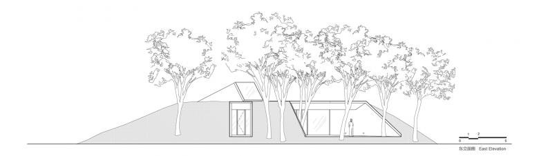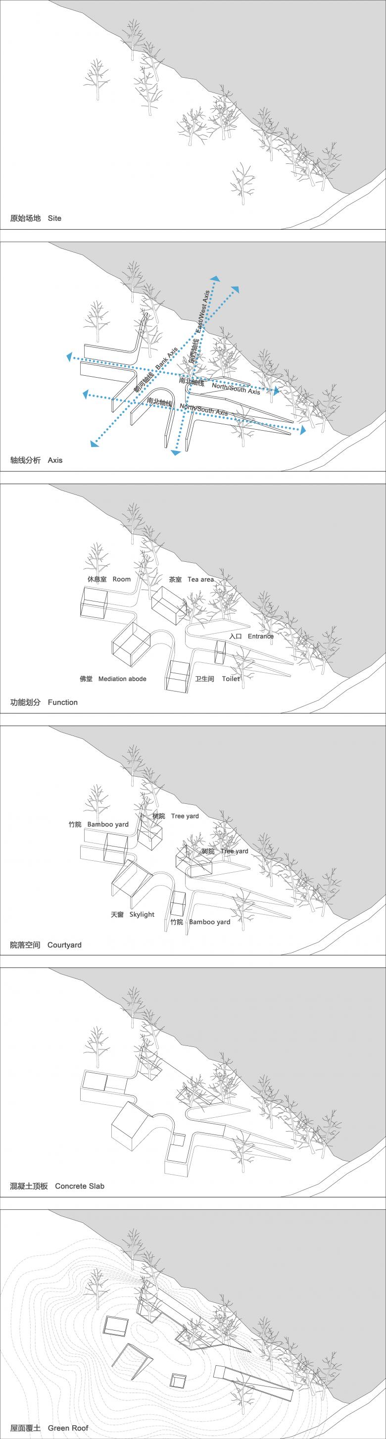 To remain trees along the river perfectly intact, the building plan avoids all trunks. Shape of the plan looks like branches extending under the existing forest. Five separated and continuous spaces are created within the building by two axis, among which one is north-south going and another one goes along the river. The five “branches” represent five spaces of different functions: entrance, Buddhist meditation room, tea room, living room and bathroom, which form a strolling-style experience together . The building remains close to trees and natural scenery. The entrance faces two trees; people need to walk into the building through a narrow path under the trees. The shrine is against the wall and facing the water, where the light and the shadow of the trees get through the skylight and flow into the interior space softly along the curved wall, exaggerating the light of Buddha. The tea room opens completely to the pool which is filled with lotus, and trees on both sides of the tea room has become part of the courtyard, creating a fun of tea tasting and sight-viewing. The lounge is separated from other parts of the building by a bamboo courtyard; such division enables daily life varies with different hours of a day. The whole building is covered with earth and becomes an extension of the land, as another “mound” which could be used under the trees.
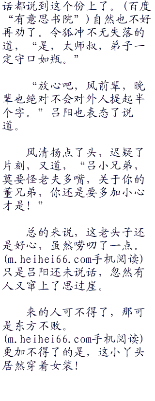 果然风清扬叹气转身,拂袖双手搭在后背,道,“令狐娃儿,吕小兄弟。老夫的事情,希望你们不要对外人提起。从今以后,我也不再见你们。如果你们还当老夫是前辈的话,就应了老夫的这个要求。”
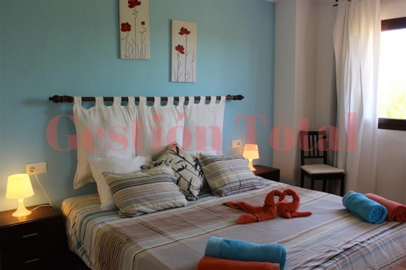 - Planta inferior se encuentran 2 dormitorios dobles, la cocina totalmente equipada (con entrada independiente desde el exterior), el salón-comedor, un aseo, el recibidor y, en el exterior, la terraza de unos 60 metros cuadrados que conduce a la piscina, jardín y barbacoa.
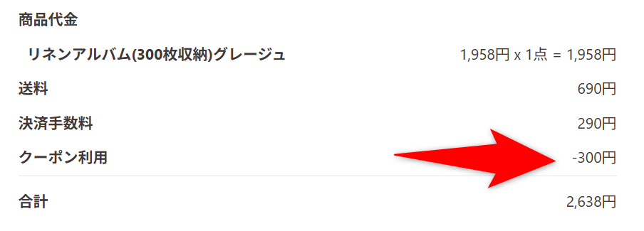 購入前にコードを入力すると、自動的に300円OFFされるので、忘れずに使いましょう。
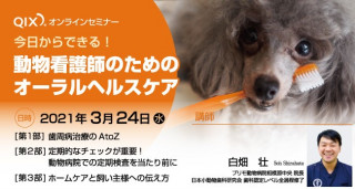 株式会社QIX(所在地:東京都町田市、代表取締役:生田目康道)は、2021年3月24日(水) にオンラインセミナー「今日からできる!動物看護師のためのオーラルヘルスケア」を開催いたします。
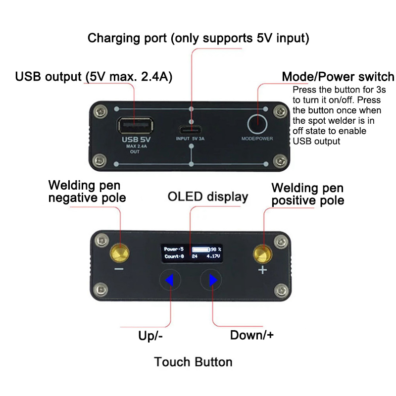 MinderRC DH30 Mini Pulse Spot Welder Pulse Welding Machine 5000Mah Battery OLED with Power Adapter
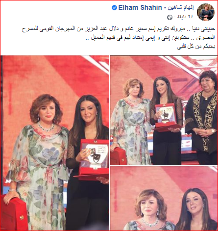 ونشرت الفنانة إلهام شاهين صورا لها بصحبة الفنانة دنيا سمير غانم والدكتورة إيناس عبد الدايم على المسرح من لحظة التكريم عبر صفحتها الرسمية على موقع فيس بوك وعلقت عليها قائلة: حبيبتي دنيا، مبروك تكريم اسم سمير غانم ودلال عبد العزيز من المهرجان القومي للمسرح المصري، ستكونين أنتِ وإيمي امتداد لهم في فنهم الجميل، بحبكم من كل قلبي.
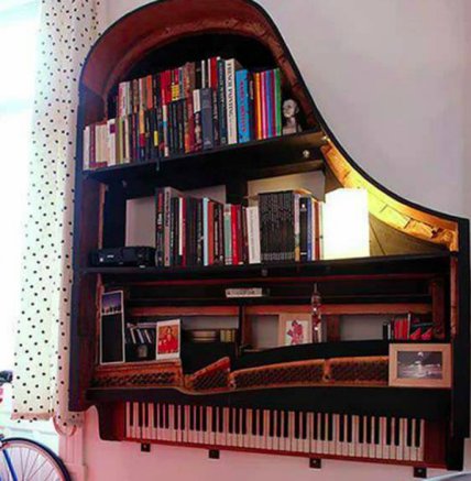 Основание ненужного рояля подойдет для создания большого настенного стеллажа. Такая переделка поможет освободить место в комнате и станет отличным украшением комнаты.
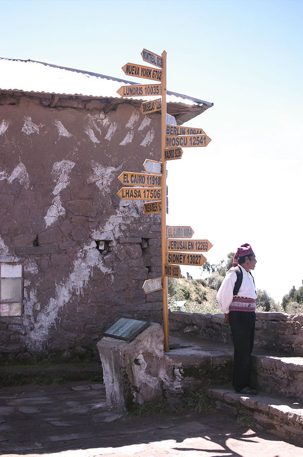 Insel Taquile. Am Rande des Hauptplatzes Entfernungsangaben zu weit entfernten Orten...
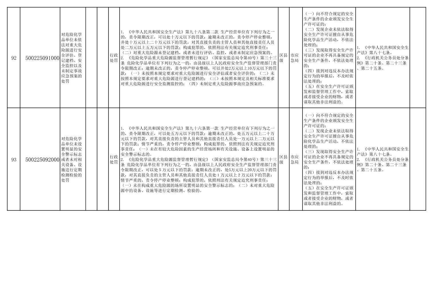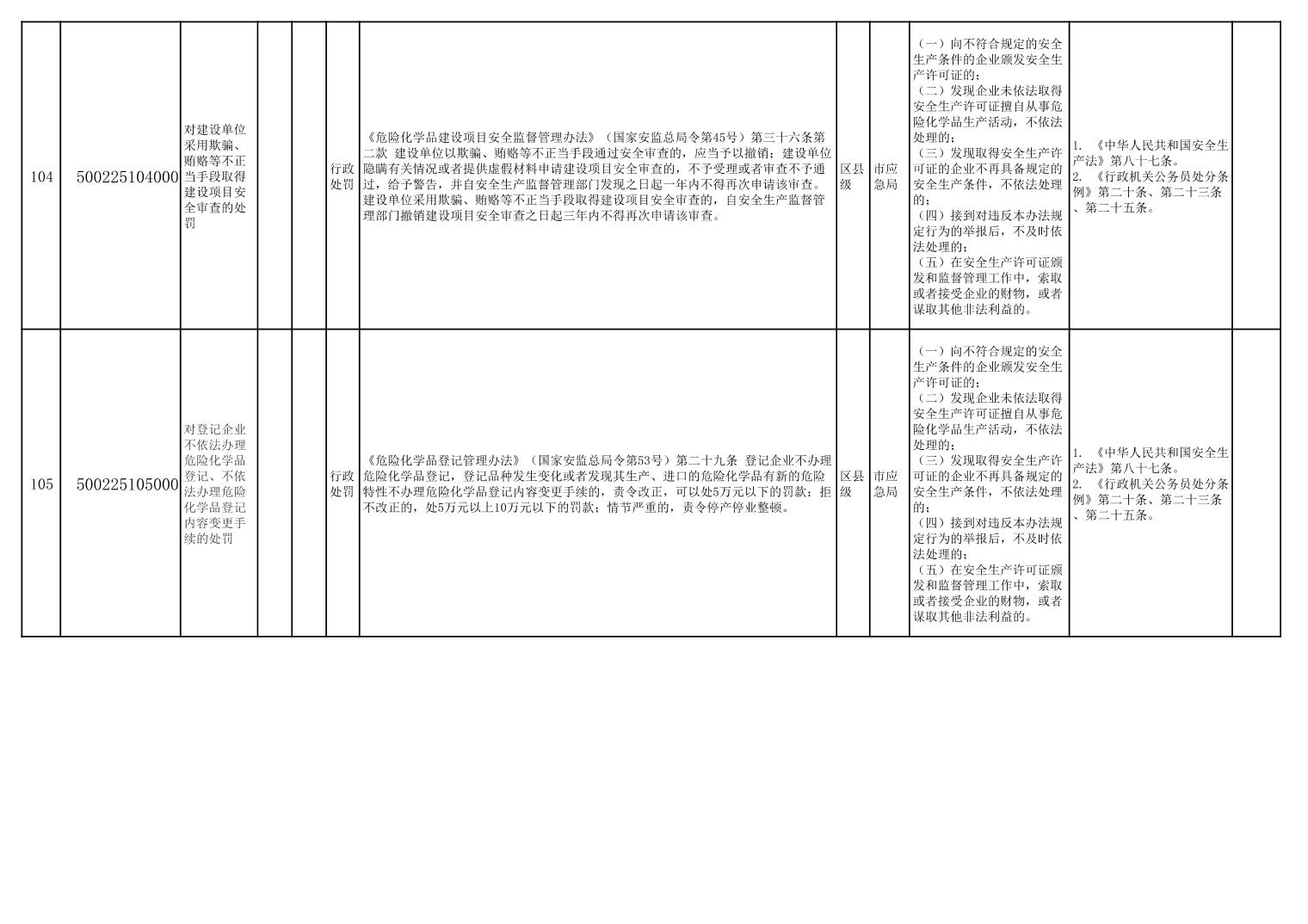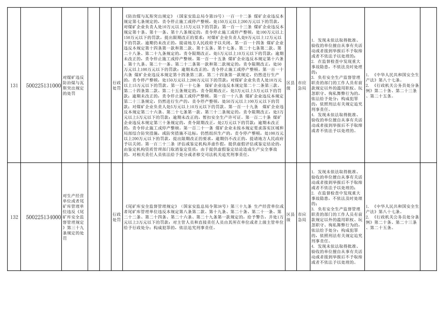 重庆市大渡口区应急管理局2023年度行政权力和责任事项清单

——————————

[WORK INSTRUCTIONS]
Reproduce the data above exactly, but only from the line containing "購入前にコードを入力すると、" through the line containing "MinderRC DH30 Mini"; skip the pictures.

[SOLUTION]
 購入前にコードを入力すると、自動的に300円OFFされるので、忘れずに使いましょう。
 株式会社QIX(所在地:東京都町田市、代表取締役:生田目康道)は、2021年3月24日(水) にオンラインセミナー「今日からできる!動物看護師のためのオーラルヘルスケア」を開催いたします。
 MinderRC DH30 Mini Pulse Spot Welder Pulse Welding Machine 5000Mah Battery OLED with Power Adapter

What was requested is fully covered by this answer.